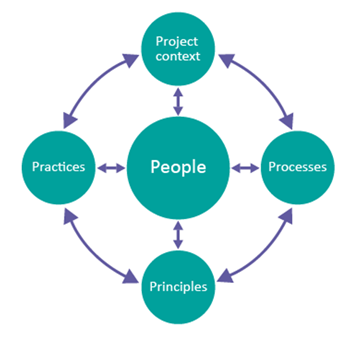 The project context: The principles, practices, and processes are applied by the people involved to ensure that the method is fit for the project context.
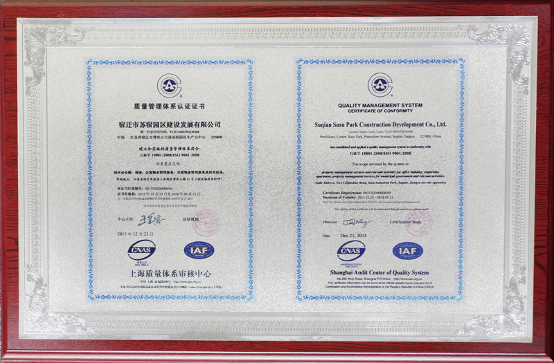 質量管理體系認證證書
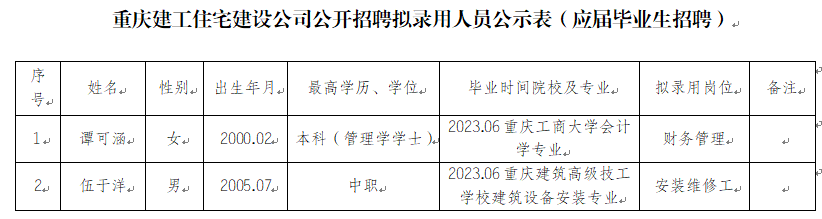 附件:伟德体育住宅建设有限公司2023年公开招聘拟录用人员公示表
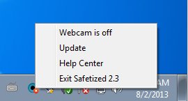 To be notified when someone is using your webcam you just need to install and run Safetized. Every time that someone starts up the web camera, whether it’s you or a malicious hacker that infected your computer, there will be a pop-up notification telling you about it. You can also right click on the system tray icon of this free webcam protection software to see what the current status of your web camera is.
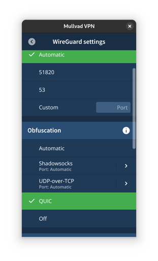 We are excited to add QUIC obfuscation for WireGuard, aimed at helping users bypass firewalls and censorship. This new obfuscation method is now available on all desktop platforms.
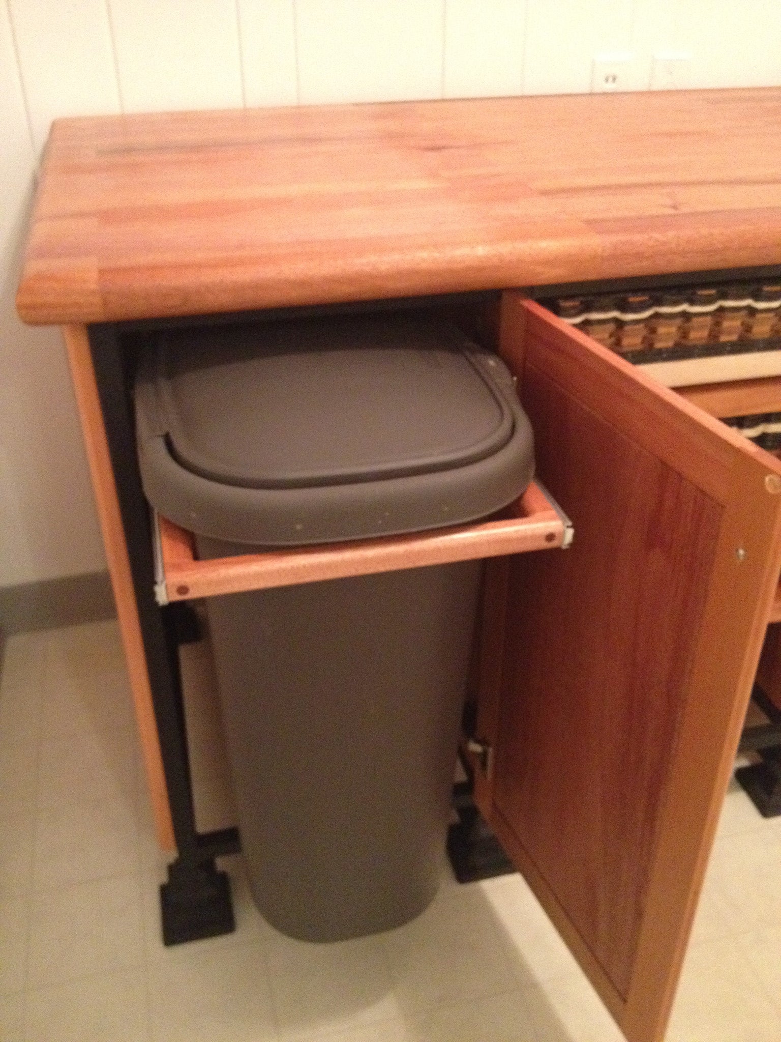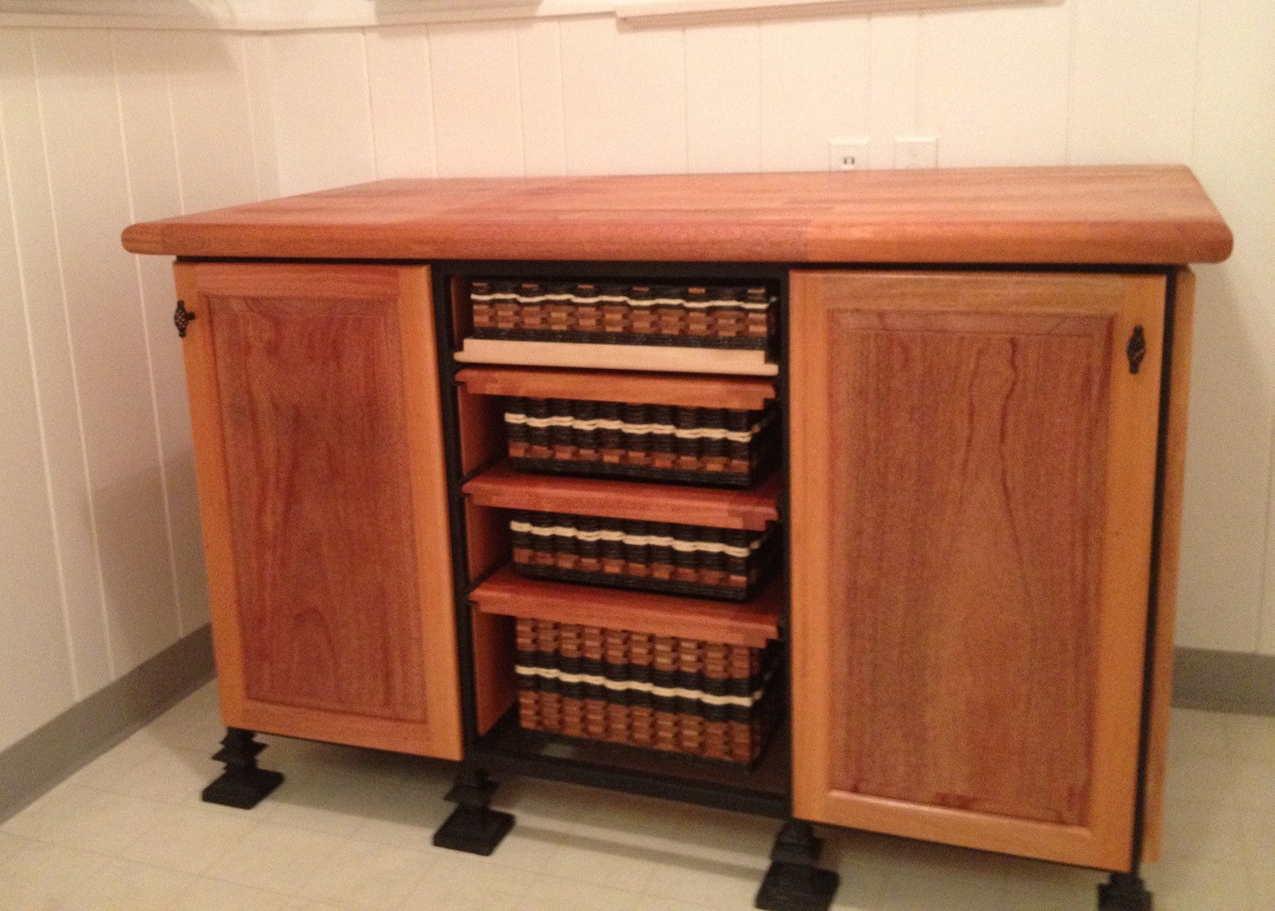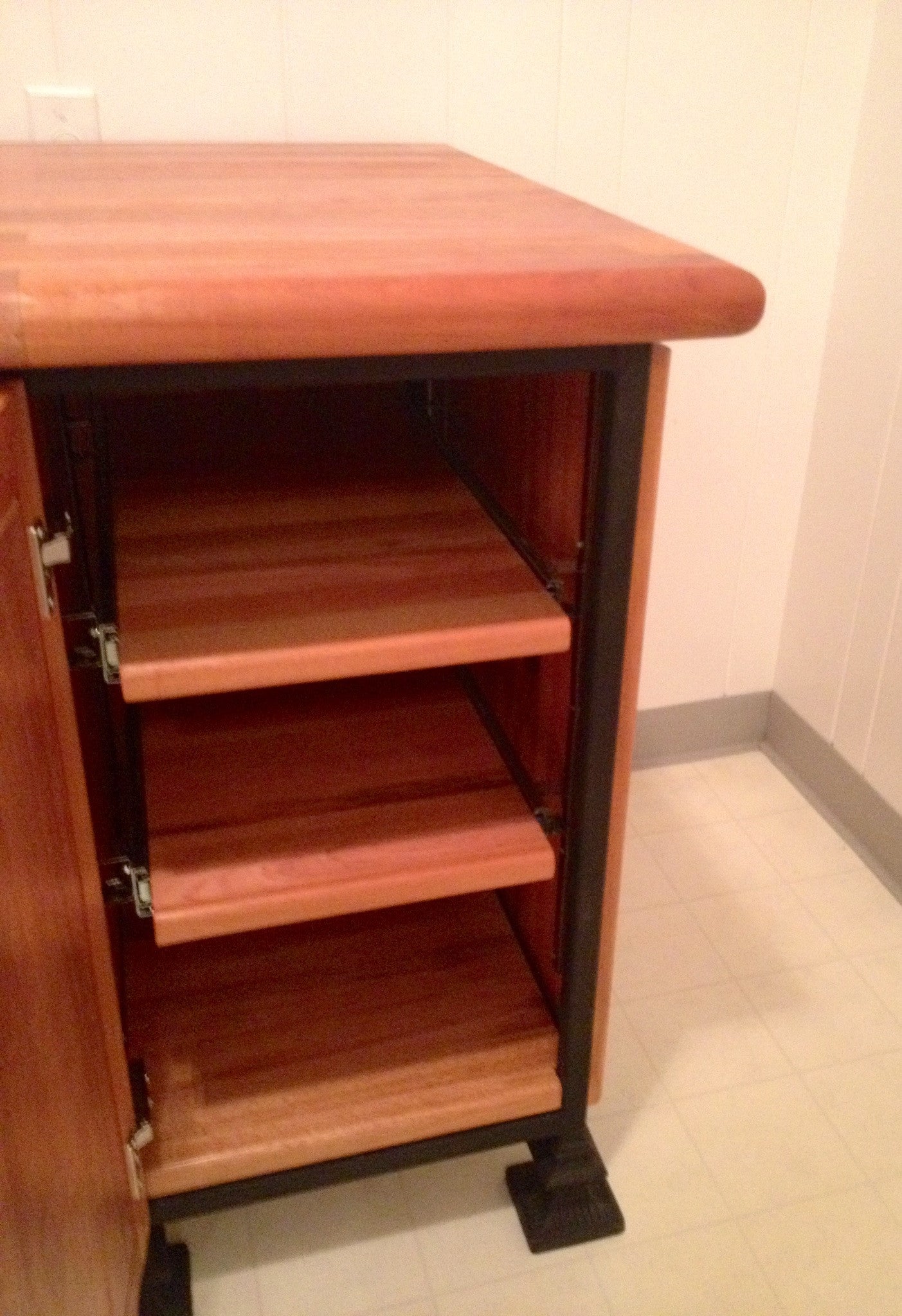 36" high this island has trash can, silverware basket with maple cutting board and two slide out shelves. Base is 30" x 56" with black powder coating.
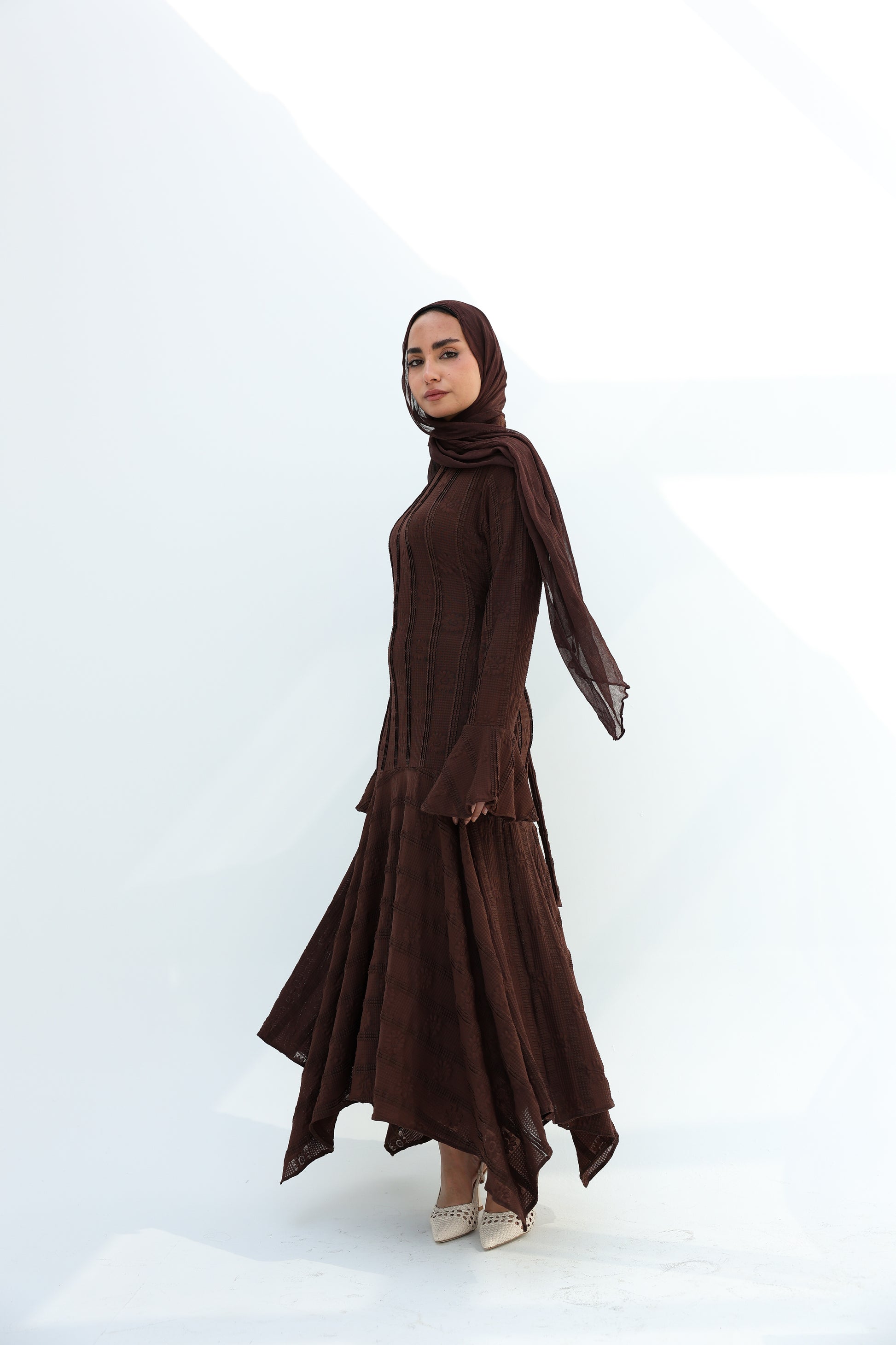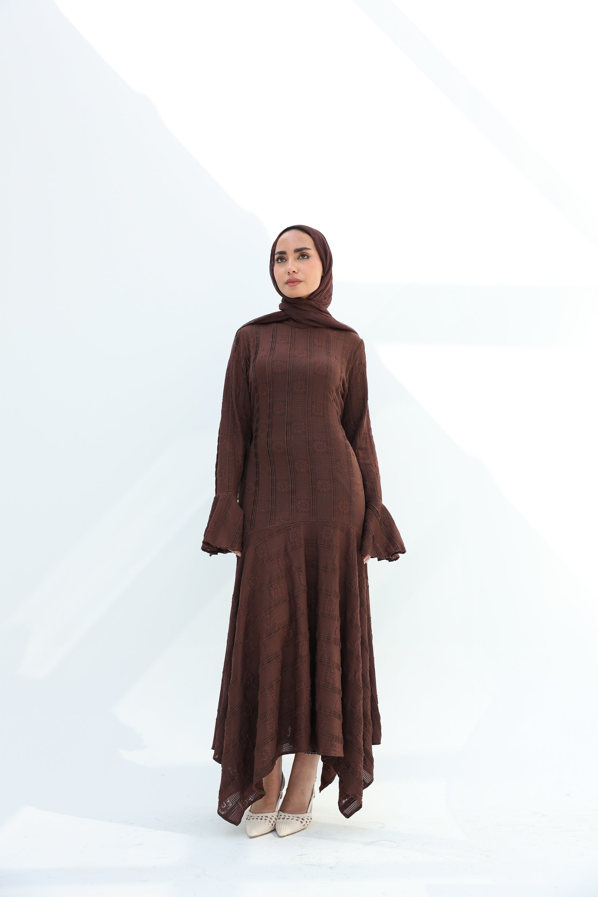 lace dress with a unique design in brown , fully lined." فستان من الدانتيل الفاخرباللون البني، يجسد براعة التصميم بتفاصيل فريدة وبطانة كامله ناعمة تمنحكِ رقياً لا يضاهى."

### ACTIVITY
The expected output is the run of lines from the one containing "black powder coating." to the last line of the listing above, both included, word for word and free of pictures.

### EXERCISE RESPONSE
 36" high this island has trash can, silverware basket with maple cutting board and two slide out shelves. Base is 30" x 56" with black powder coating.
 lace dress with a unique design in brown , fully lined." فستان من الدانتيل الفاخرباللون البني، يجسد براعة التصميم بتفاصيل فريدة وبطانة كامله ناعمة تمنحكِ رقياً لا يضاهى."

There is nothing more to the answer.